§ **Work instructions**
Your answer should be only the lines below from the one with "黑色礼盒与金色丝带,奢华闪耀的节日气氛" to the one with "Førmiddagstur 31. juli: Komen", repeated exactly, ends included.

§ **Study material**
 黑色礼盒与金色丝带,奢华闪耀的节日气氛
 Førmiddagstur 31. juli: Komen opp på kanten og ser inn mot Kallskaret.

...

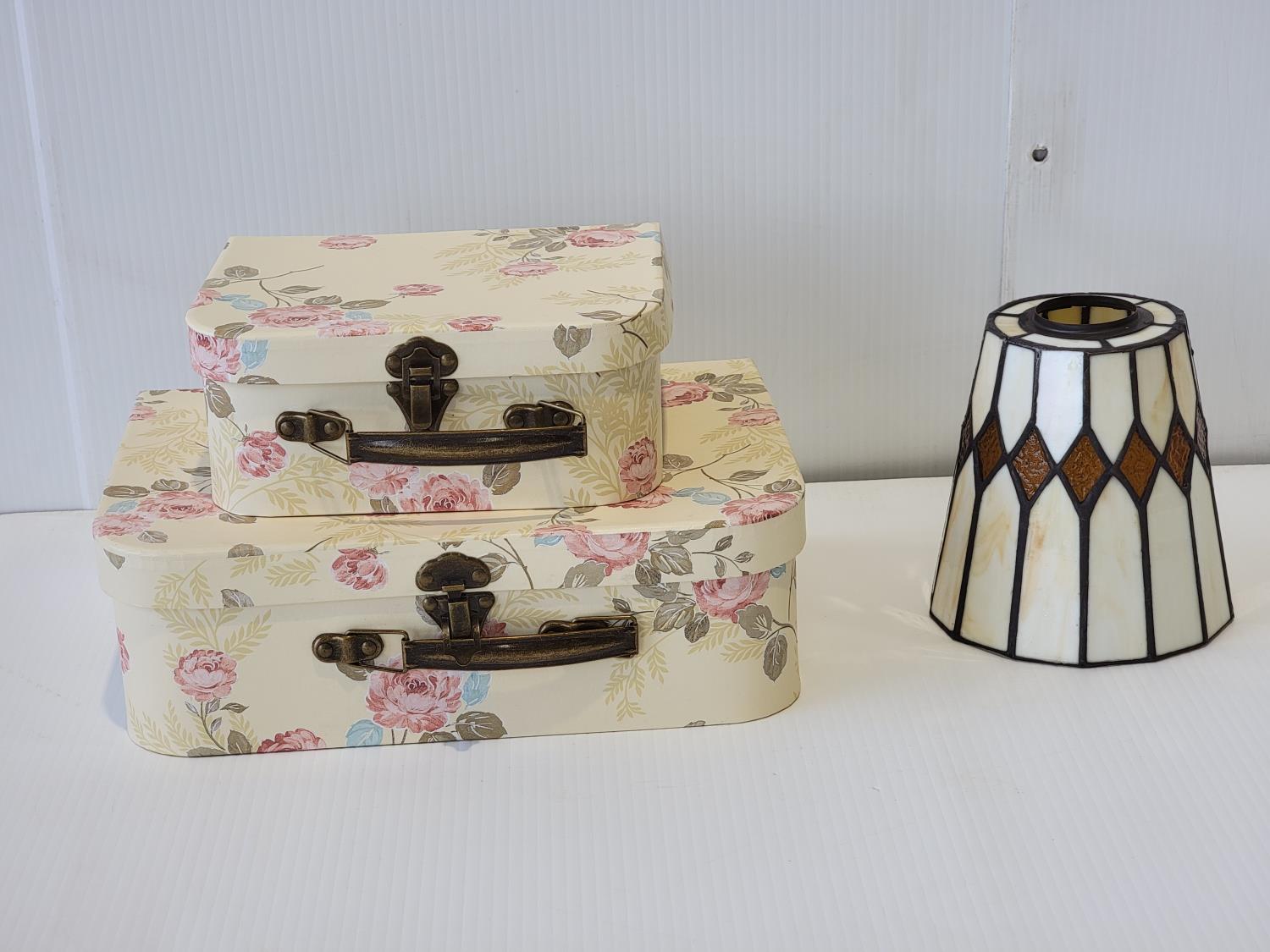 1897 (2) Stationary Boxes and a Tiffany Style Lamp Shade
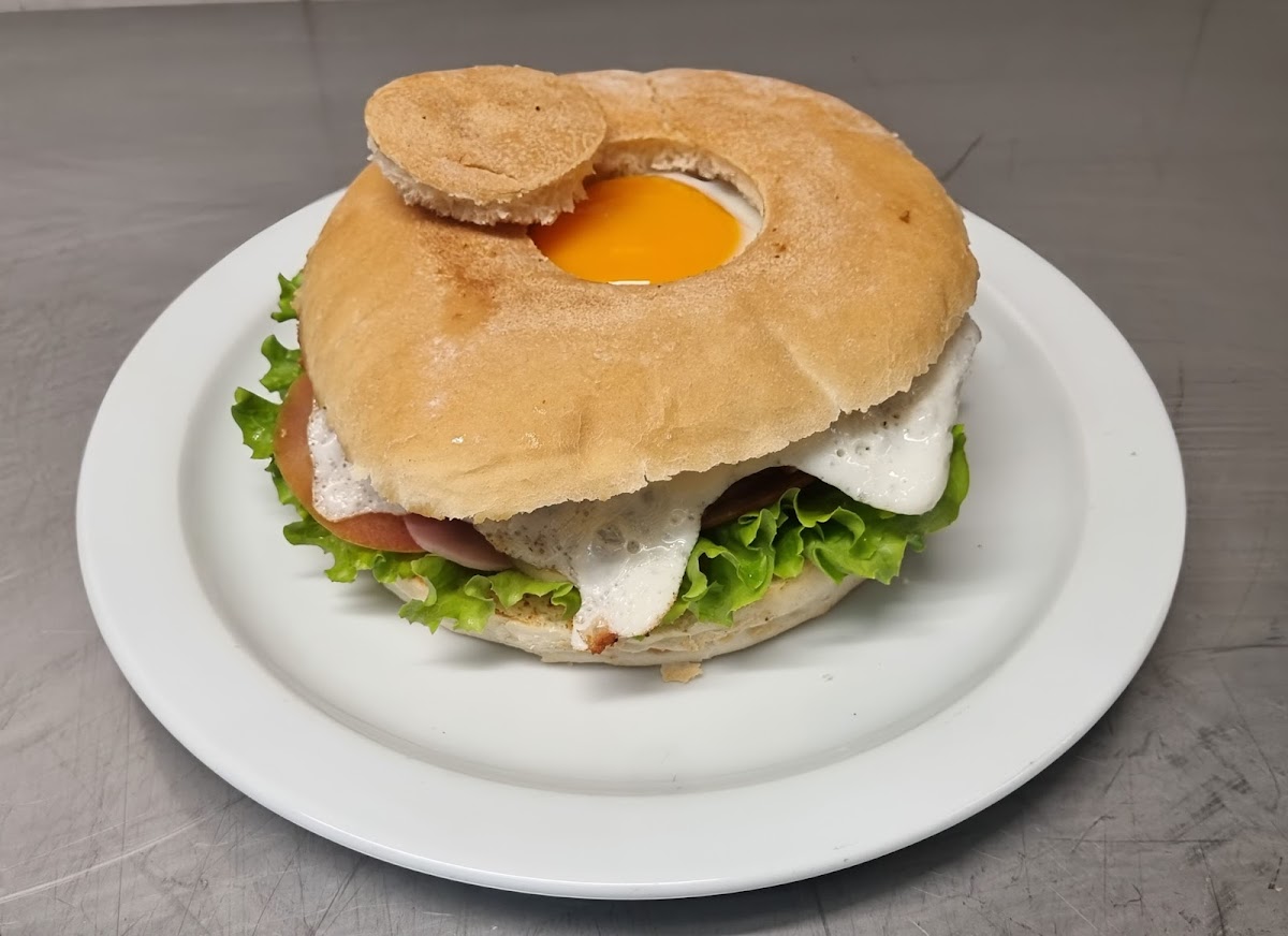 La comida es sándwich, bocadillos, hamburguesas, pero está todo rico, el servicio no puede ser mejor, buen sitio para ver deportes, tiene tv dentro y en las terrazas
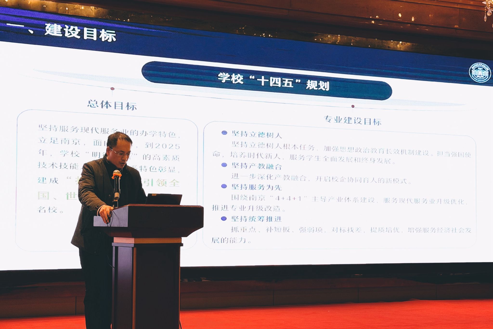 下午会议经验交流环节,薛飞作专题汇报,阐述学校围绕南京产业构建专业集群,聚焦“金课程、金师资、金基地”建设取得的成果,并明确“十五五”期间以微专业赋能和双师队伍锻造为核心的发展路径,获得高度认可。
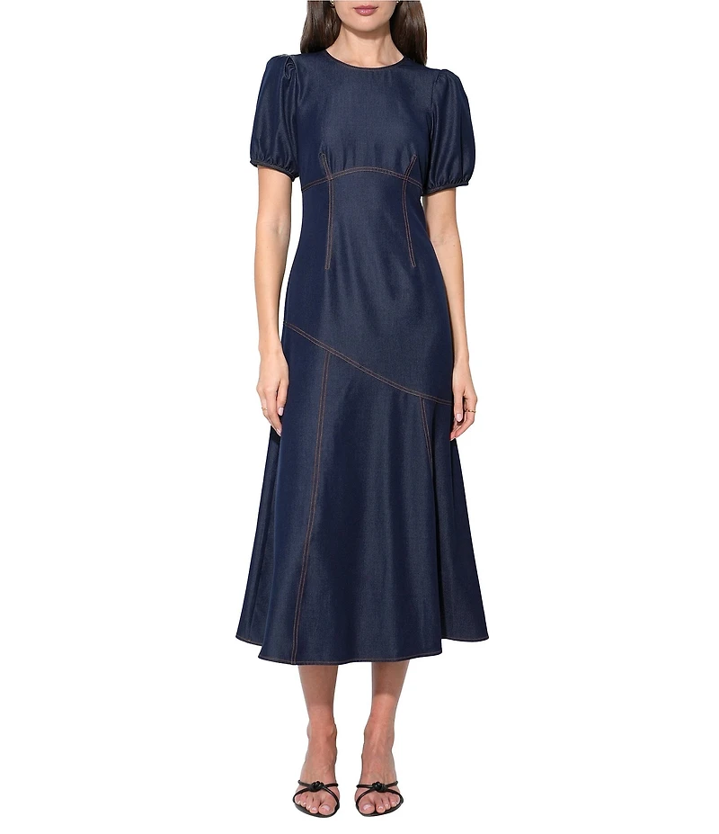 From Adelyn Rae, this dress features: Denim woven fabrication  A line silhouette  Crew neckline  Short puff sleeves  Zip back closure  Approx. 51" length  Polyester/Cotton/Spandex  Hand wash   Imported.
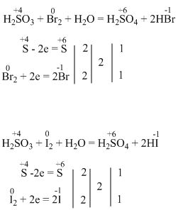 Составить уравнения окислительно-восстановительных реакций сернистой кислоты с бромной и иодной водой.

§ **Answer section**
 黑色礼盒与金色丝带,奢华闪耀的节日气氛
 Førmiddagstur 31. juli: Komen opp på kanten og ser inn mot Kallskaret.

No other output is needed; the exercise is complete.